Music Companies Get Mean

When Sony BMG admitted in early November that it had shipped a couple million CDs containing a hidden software program called XCP that secretly installs itself on computers, the public was weirded out.

Why the hell was a music company sneaking unidentified software onto people's computers without telling them? Sony's answer -- that it was digital rights management software to prevent music piracy -- seemed inadequate. After all, DRM has been around for a while, but it's never come in the form of secretly installed programs. What were those programs doing, anyway?

Computer security geeks wanted to find out too. Turns out XCP is based on a tool called a "rootkit," which bad guys have traditionally used to take control of their victims' computers. Anyone who plays the new Celine Dion CD on his or her computer is making him- or herself vulnerable to viruses and other digital nasties. The danger is so great that the US Computer Emergency Response Team actually issued a special alert Nov. 15 warning people not to play Sony CDs with XCP on them.

Note to entertainment companies: You know you've gone too far with your copy protection technology when the copyright-expansionist US government steps on your head.

So Sony agreed to fix the problem -- sort of. The company issued a deinstaller for XCP that was supposed to get rid of the nastiness. And that's when things got really interesting. According to Ed Felten, a computer security professor at Princeton, the deinstaller is even worse than the original XCP rootkit. After examining the deinstaller, Felten wrote on his blog, Freedom to Tinker, that it actually installs new versions of all the old files from the rootkit, and adds some new ones. "No doubt they'll ask us to trust them," Felten wrote. "I wouldn't."

Not surprisingly, the creepy discoveries continued. Researchers found that Sony's sneaky program also sends an electronic message over the Internet that potentially allows the company to track who's playing its CDs and where. Microsoft issued a statement saying that its antivirus software protects against the Sony rootkit. (Microsoft might have a few less-than-benevolent reasons for helping hapless consumers -- the company is in litigation with Sony.) Sony responded by saying that it will replace XCP-infected CDs with uninfected ones for free.

Meanwhile, the company got sued in Texas, California, and Italy under anti-spyware and consumer-protection laws. Thomas Hesse, president of Sony BMG, initially downplayed the rootkit problems in a Nov. 4 interview on NPR. Days later, he was eating his words: "We're very, very sorry for the disruption and inconvenience that this has caused to music consumers," he told Business Week.

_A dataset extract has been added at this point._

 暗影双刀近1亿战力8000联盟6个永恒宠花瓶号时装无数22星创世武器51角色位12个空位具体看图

But this DRM meltdown is far from over. It turns out XCP isn't the only piece of secretly installed and potentially malicious software Sony is distributing with its holiday CD releases. People who use Windows machines to play CDs with something called MediaMax on them will find that new files and programs suddenly show up, uninvited, in their Common Files directory in a folder called SunnComm Shared (SunnComm is the company that makes MediaMax). Recently Sony sent out a press release admitting that MediaMax contains a security flaw that, if untreated, could leave up to 20 million computers vulnerable.

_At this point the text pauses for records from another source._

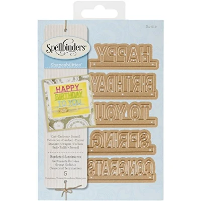 Bordered Sentiments Spellbinder Shapeabilities cut, emboss and stencil with a single die template. Approx Size: 71 x 136mm Set of 5 dies.
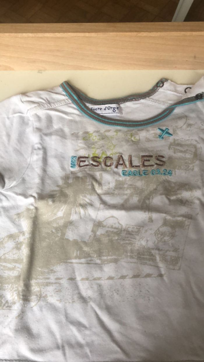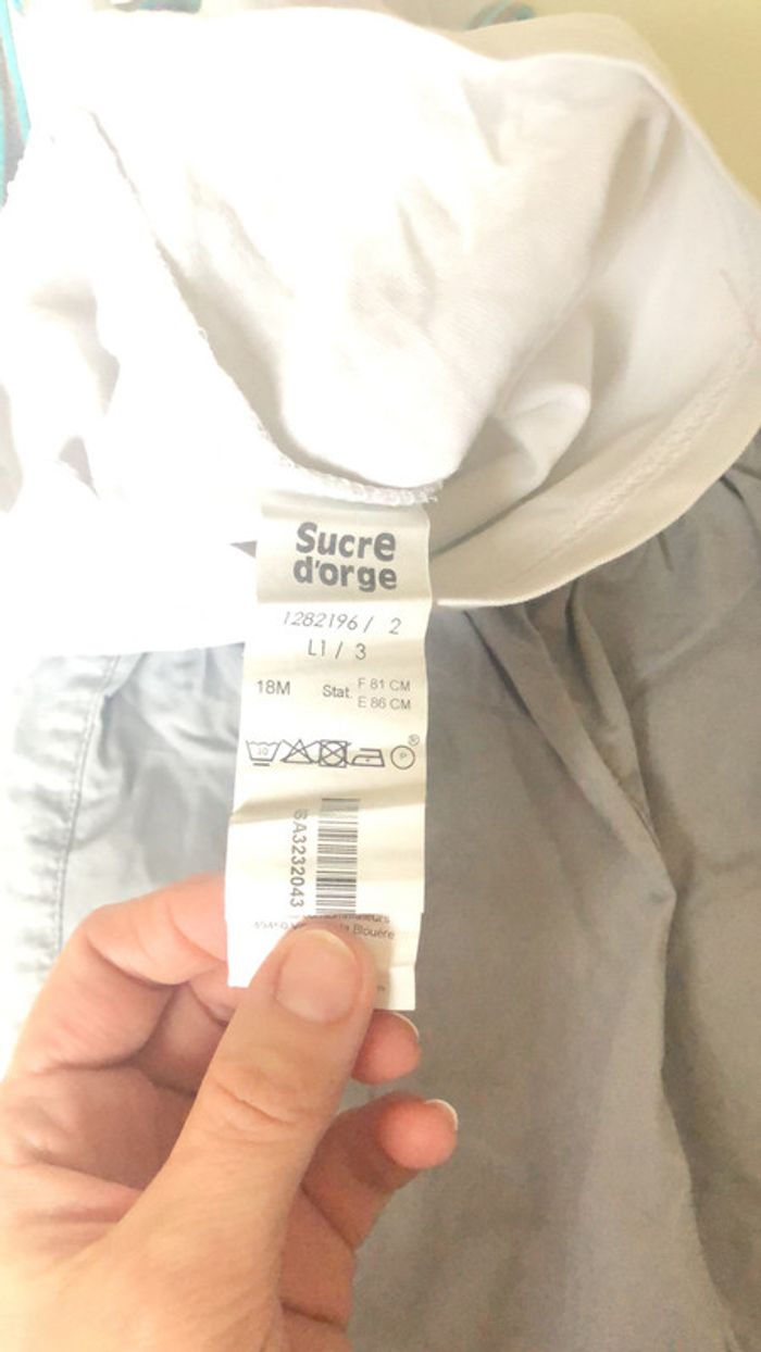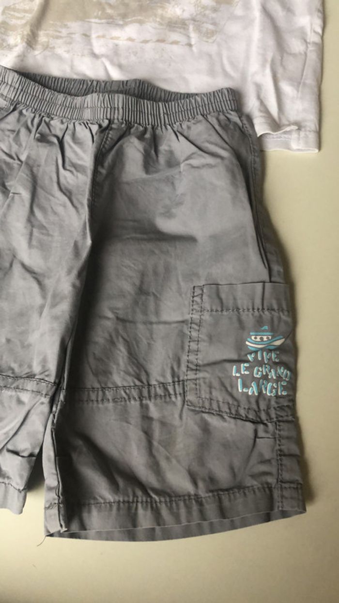Ensemble short et t-shirt blanc gris sucre d’orge 18 mois - photo numéro 7
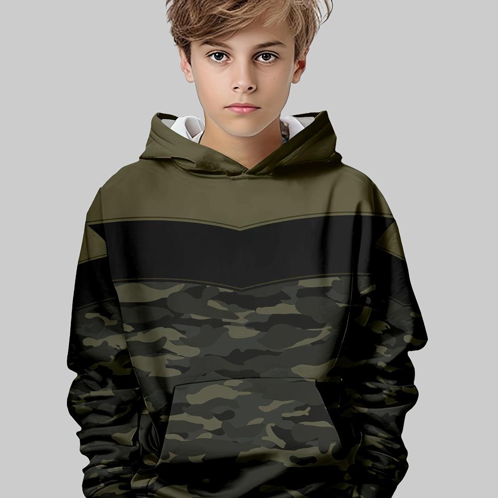 Lässiger Kapuzenpullover mit 3D-Druck für Jungen, langärmliges Outdoor-Shirt mit zufälligem Druck, atmungsaktives Polyestergewebe
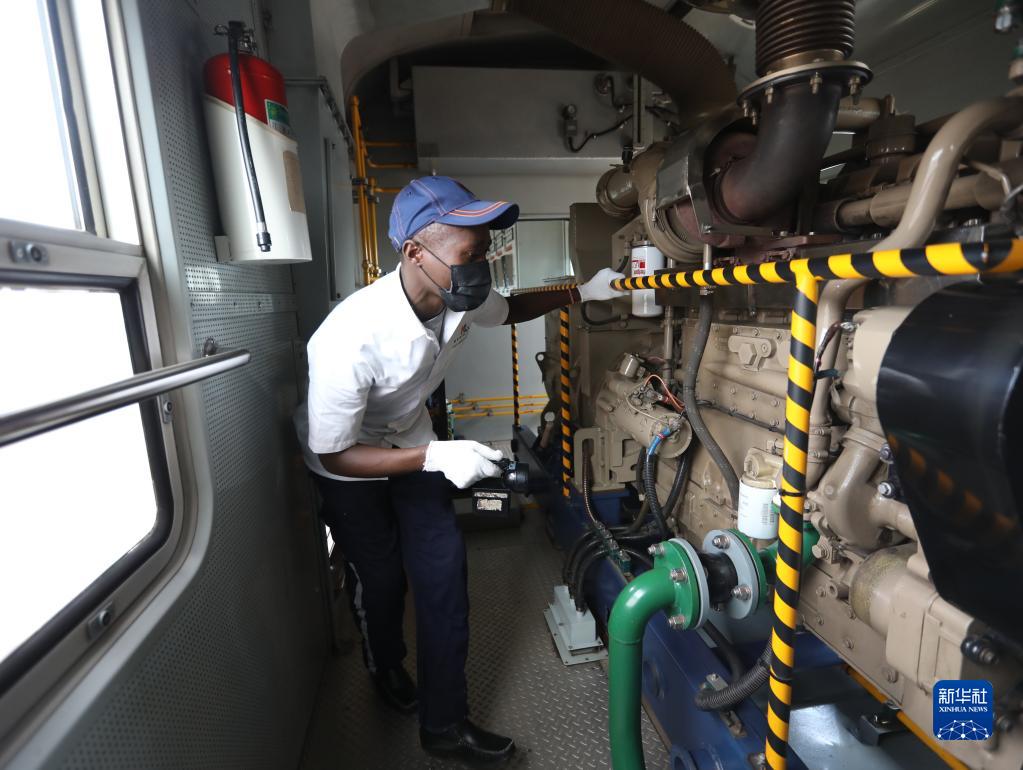 7月29日,發(fā)電車(chē)乘務(wù)員福斯汀在肯尼亞蒙內鐵路客運列車(chē)上檢查設備。

What does all this bad craziness mean? In the short term, it means don't buy any new CDs from Sony BMG. The long term is a little more hazy. Remember, all this stupidity started with an entertainment corporation wanting to protect its intellectual property -- and so hell-bent on it that it was willing to sacrifice your computer. The scandal over DRM software has been an object lesson on the values of the music industry.

While I'd love to believe that the egg on Sony's face will force other entertainment companies to shy away from trying to protect their copyrights using DRM, I think the XCP and MediaMax debacles are, ironically, going to usher in an era of widespread acceptance of DRM. By making DRM that is so egregiously horrible, Sony has set the floor for what the public will accept. So long as the next generation of DRM doesn't leave computers vulnerable to viruses the way the XCP rootkit does, the media and the public won't kick up a fuss.